La charte des principes apparait au final comme un texte déséquilibré, ses auteurs n’ayant pas su se saisir de l’opportunité qui leur était offerte de définir une orientation théologique, éthique et intellectuelle claire pour les imams en France.

La condamnation du takfir, l’appel à une ouverture théologique des différentes écoles et à un débat apaisé entre elles, l’harmonisation de la religiosité avec la raison et le libre-arbitre, la nécessité de coupler le français à la langue du Coran, étaient de bonnes choses qui auraient mérité autre chose qu’une mention succincte.

Ce n’est pas le choix qu’ont fait ses auteurs. D’ailleurs, avaient-ils le choix ?

Le texte de la charte, comme il l’indique lui-même, n’avait pas pour vocation de fournir une orientation principielle d’inspiration islamique destinée à concilier une vie religieuse authentique avec une authentique citoyenneté.

Ce texte répondait à une autre commande, de nature politique.

C’est ce que dit clairement l’article 6.

« La présente « charte des « principes », a pour objectif, clairement énoncé, de lutter contre toute forme d’instrumentalisation de l’islam à des fins politiques et/ou idéologique. Les signataires s’engagent donc à refuser de s’inscrire dans une quelconque démarche faisant la promotion de ce qui est connu sous l’appellation « islam politique ». Nous luttons avec détermination contre tout mouvement ou idéologie dont le projet détourne notre religion de son véritable objet et tente de créer des rapports de force et des fractures dans notre société. »

Cet objectif a été effectivement préalablement défini par le président de la République au cours de son discours des Mureaux et formalisé par la loi confortant les principes républicains ou loi contre le séparatisme, qui n’a pas encore été voté.

La même remarque peut aussi être faite sur l’islamophobie et ce qu’en dit le chapitre 9. Là-encore, cette exigence répond à une demande politique des autorités.

Le texte de la charte verbalise, selon une exigence à la fois implicite et explicite des autorités, la reconnaissance par les signataires de cette charte de la suprématie inconditionnelle de la République sur toute religion, toute croyance, toute divinité.

Cette suprématie n’est plus seulement temporelle mais s’aventure dorénavant sur le terrain du spirituel.

Une lecture raisonnable centré sur l’article 1 de la loi de 1905 pouvait laisser penser aux fidèles que la séparation annoncée entre l’Etat et les Eglises leur permettrait de conserver des libertés religieuses.

Il n’en sera rien.
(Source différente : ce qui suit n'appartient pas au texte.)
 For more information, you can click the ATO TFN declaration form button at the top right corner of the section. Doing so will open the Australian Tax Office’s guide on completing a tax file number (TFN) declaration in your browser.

Désormais, l’Etat (et non la République, c’est-à-dire la chose publique et par extension les citoyens) dispose d’un pouvoir discrétionnaire sur les religions, sur leurs doctrines et par incidence sur les croyances des fidèles.
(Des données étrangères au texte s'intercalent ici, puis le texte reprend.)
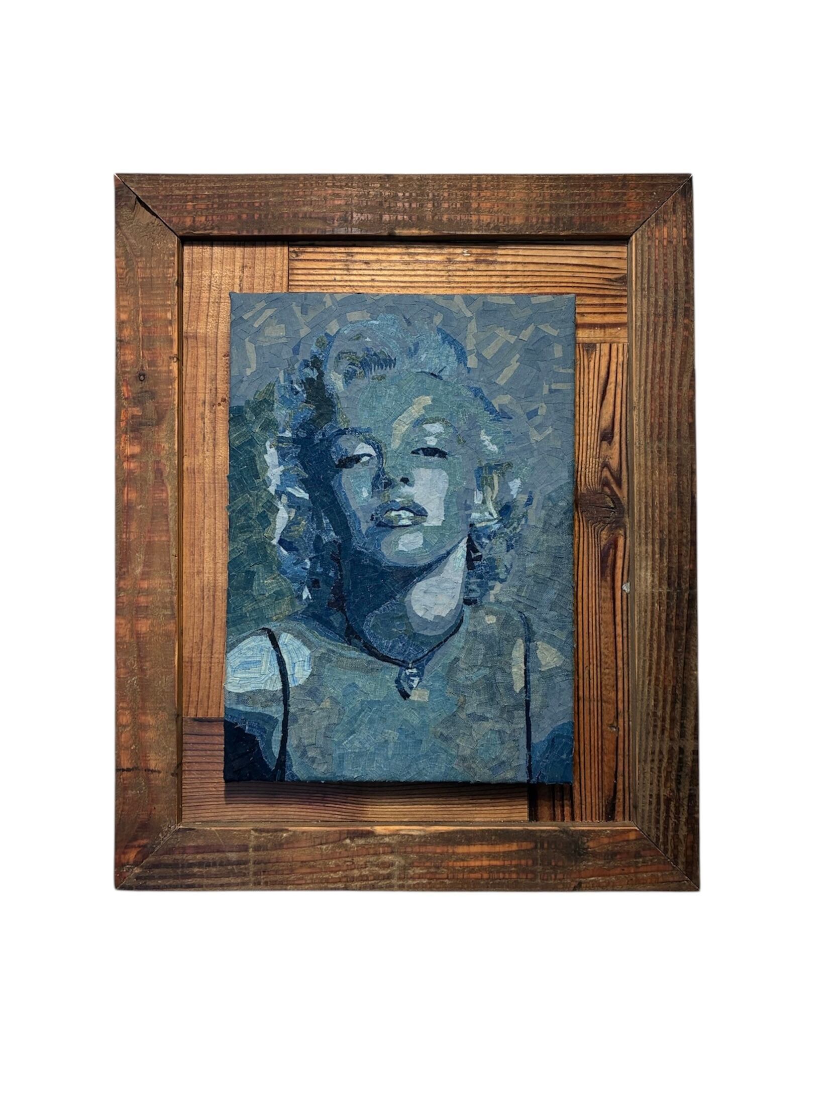 This work reimagines an iconic figure of the 20th-century silver screen, reconstructed entirely from fragments of indigo-dyed boro textiles. Inspired by the classic film Some Like It Hot, the piece captures her timeless allure, balancing elegance, strength, and vulnerability through meticulously layered shades of indigo.

Dans une démarche pas très éloignée du spinozisme, l’Etat peut s’ingérer et définir la norme, c’est-à-dire ce qui est acceptable et ce qui ne l’est pas, au sein des canons religieux et au nom de cette suprématie républicaine et de la hiérarchie qu’elle impose.
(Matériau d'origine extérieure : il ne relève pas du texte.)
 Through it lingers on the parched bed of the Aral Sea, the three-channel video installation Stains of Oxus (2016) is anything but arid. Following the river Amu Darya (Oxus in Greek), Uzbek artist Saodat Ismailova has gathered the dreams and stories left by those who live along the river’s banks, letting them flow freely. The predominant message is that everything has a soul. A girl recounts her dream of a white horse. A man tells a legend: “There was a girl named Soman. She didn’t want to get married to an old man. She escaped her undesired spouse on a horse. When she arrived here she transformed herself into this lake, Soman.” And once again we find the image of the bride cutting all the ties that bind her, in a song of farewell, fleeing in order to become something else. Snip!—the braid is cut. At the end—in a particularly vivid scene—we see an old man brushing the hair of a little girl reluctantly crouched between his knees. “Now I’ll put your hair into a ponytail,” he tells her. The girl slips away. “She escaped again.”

Si les Textes religieux autorisent cette lecture, ce sera tant mieux car cela facilitera l’exercice de cette souveraineté.

Autrement, les responsables du culte auront la charge délicate de procéder à une modification et à une mise en règle des pratiques, des préceptes et des croyances religieuses conformément à la volonté du Souverain, et le souverain en exercice réel dans la cinquième République, c’est le chef de l’Etat (et non le peuple qui n’est qu’un faiseur de rois).